**TASK ITEM:**
Starting with the line that has "颜彦(左一)与团队成员。华中农大供图" in the records below and stopping after the line that has "- Keep Papers", output every line exactly and nothing else; skip pictures.

**INFORMATION SUPPLIED:**
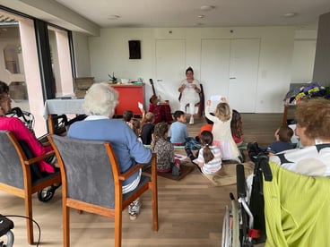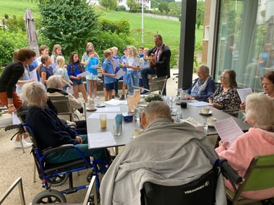 Für die Kindergartenkinder und die Bewohnerinnen und Bewohner im Altersheim wurden Märchen erzählt. Wir danken der Märchenerzählerin und den Mitarbeitenden des Bächlis für diesen schönen Anlass. Am Freitagnachmittag sangen die 5./6. Klassen für die ältere Generation viele Lieder, welche die Kinder während dem Schuljahr gelernt hatten. Es herrschte gute Stimmung und erfreute Jung und Alt.
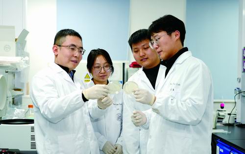 颜彦(左一)与团队成员。华中农大供图
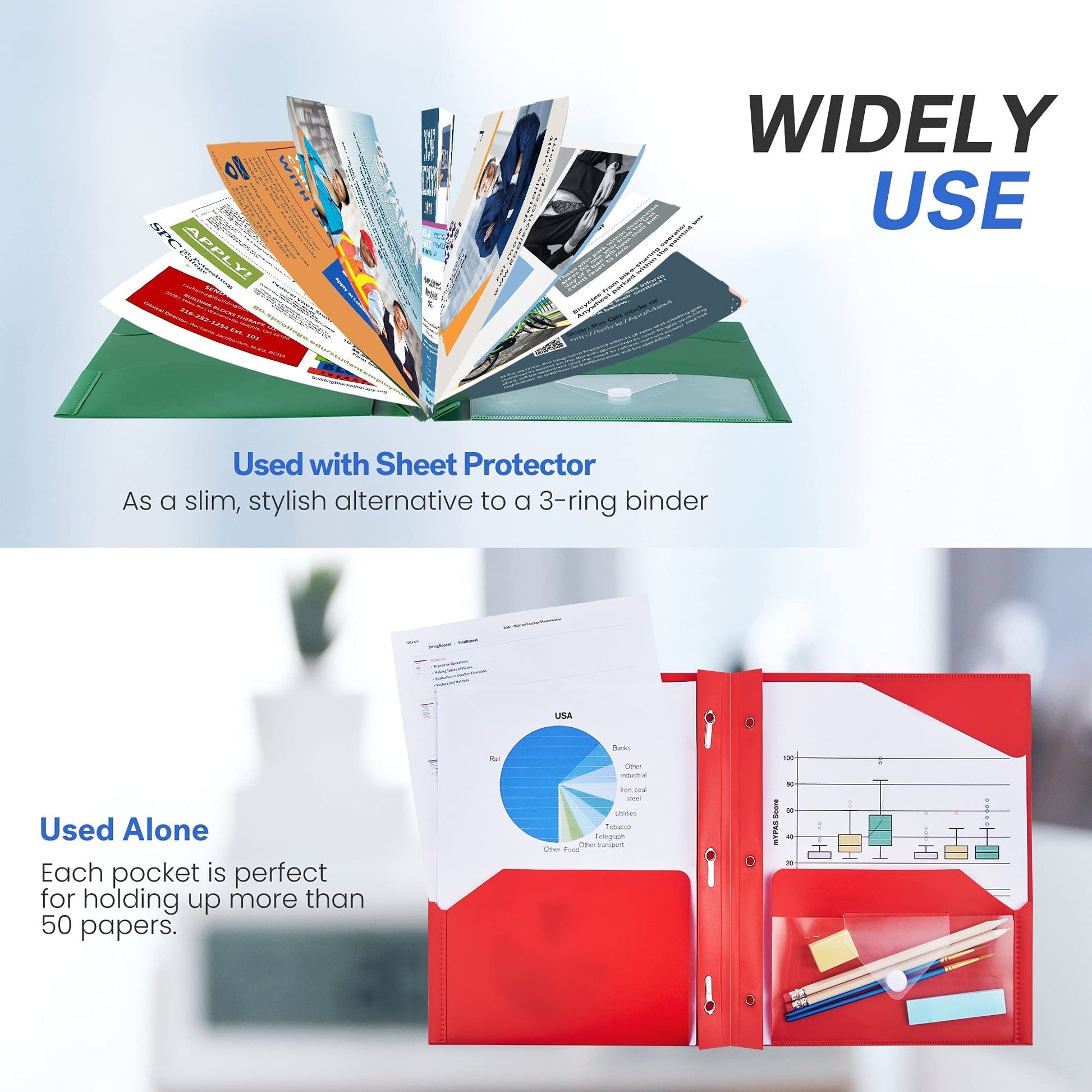 - Keep Papers Neatly & Fit in Backpack: Using the heavy duty plastic pocket folders to hold important project documents, and more.Ideal organization tool for students or office workers to sort out loose files, and can withstand being shuffled around a backpack without being bent or disfigure.
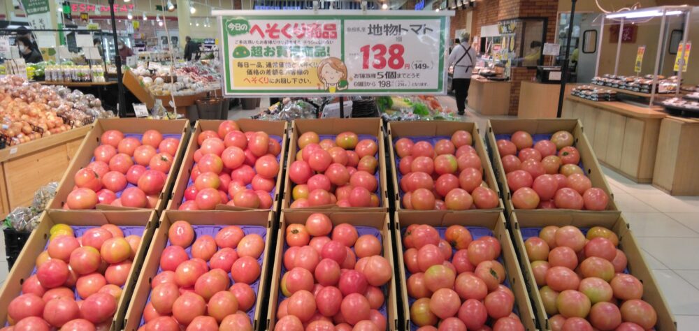 こんにちは、みしまや田和山店農産部門です。本日のおすすめは【地物トマト】です。島根県産のトマトを食べて元気いっぱいです。大変お買い得ですのでぜひお買い求めくださいませ。
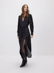 Długa sukienka o swobodnym fasonie, wykonana z wiskozowej tkaniny.
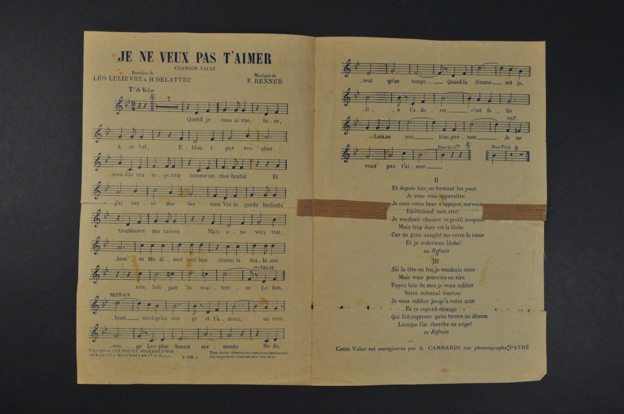 chanson, partition de musique, petit format, Je ne veux pas t'aimer

**OUTPUT BELOW:**
 颜彦(左一)与团队成员。华中农大供图
 - Keep Papers Neatly & Fit in Backpack: Using the heavy duty plastic pocket folders to hold important project documents, and more.Ideal organization tool for students or office workers to sort out loose files, and can withstand being shuffled around a backpack without being bent or disfigure.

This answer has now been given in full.